DAG-Math: Graph-Guided Mathematical Reasoning in LLMs

ICLR 2026 Conference SubmissionAnonymous Authors
LLMsmathematical reasoningdirected acyclic graphs
Abstract:

Large Language Models (LLMs) demonstrate strong performance on mathematical problems when prompted with Chain-of-Thought (CoT), yet it remains unclear whether this success stems from search, rote procedures, or rule-consistent reasoning. To address this, we propose modeling CoT as a certain rule-based stochastic process over directed acyclic graphs (DAGs), where nodes represent intermediate derivation states and edges encode rule applications. Within this framework, we introduce logical closeness, a metric that quantifies how well a model’s CoT trajectory (i.e., the LLM's output) adheres to the DAG structure, providing evaluation beyond classical PASS@kk metrics. Building on this, we introduce the DAG-MATH CoT format and construct a benchmark that guides LLMs to generate CoT trajectories in this format, thereby enabling the evaluation of their reasoning ability under our framework.
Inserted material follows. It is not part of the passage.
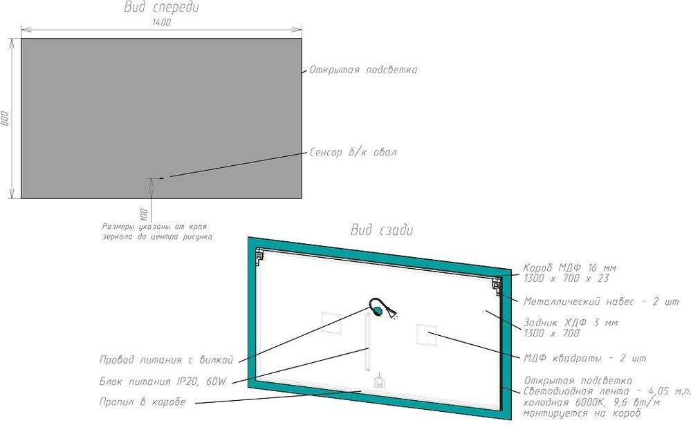 - Оснащение: зеркало, крепеж, коробка, инструкция.

Across standard mathematical reasoning datasets, our analysis uncovers statistically significant differences in reasoning fidelity among representative LLM families—even when PASS@kk is comparable—highlighting gaps between final-answer accuracy and rule-consistent derivation. Our framework provides a balance between free-form CoT and formal proofs systems, offering actionable diagnostics for LLMs reasoning evaluation.

Disclaimer
This report is AI-GENERATED using Large Language Models and WisPaper (A scholar search engine). It analyzes academic papers' tasks and contributions against retrieved prior work. While this system identifies POTENTIAL overlaps and novel directions, ITS COVERAGE IS NOT EXHAUSTIVE AND JUDGMENTS ARE APPROXIMATE. These results are intended to assist human reviewers and SHOULD NOT be relied upon as a definitive verdict on novelty.
NOTE that some papers exist in multiple, slightly different versions (e.g., with different titles or URLs). The system may retrieve several versions of the same underlying work. The current automated pipeline does not reliably align or distinguish these cases, so human reviewers will need to disambiguate them manually.
If you have any questions, please contact: mingzhang23@m.fudan.edu.cn

Overview

Overall Novelty Assessment

The paper proposes modeling Chain-of-Thought reasoning as a rule-based stochastic process over directed acyclic graphs, introducing a 'logical closeness' metric to evaluate adherence to derivation rules beyond final-answer accuracy. It resides in the 'Rule-Based Reasoning Fidelity Metrics' leaf, which contains only two papers total (including this one and DAG-Think-Twice). This represents a relatively sparse research direction within the broader taxonomy of 28 papers, suggesting the specific focus on rule-fidelity metrics for mathematical reasoning is an emerging rather than crowded area.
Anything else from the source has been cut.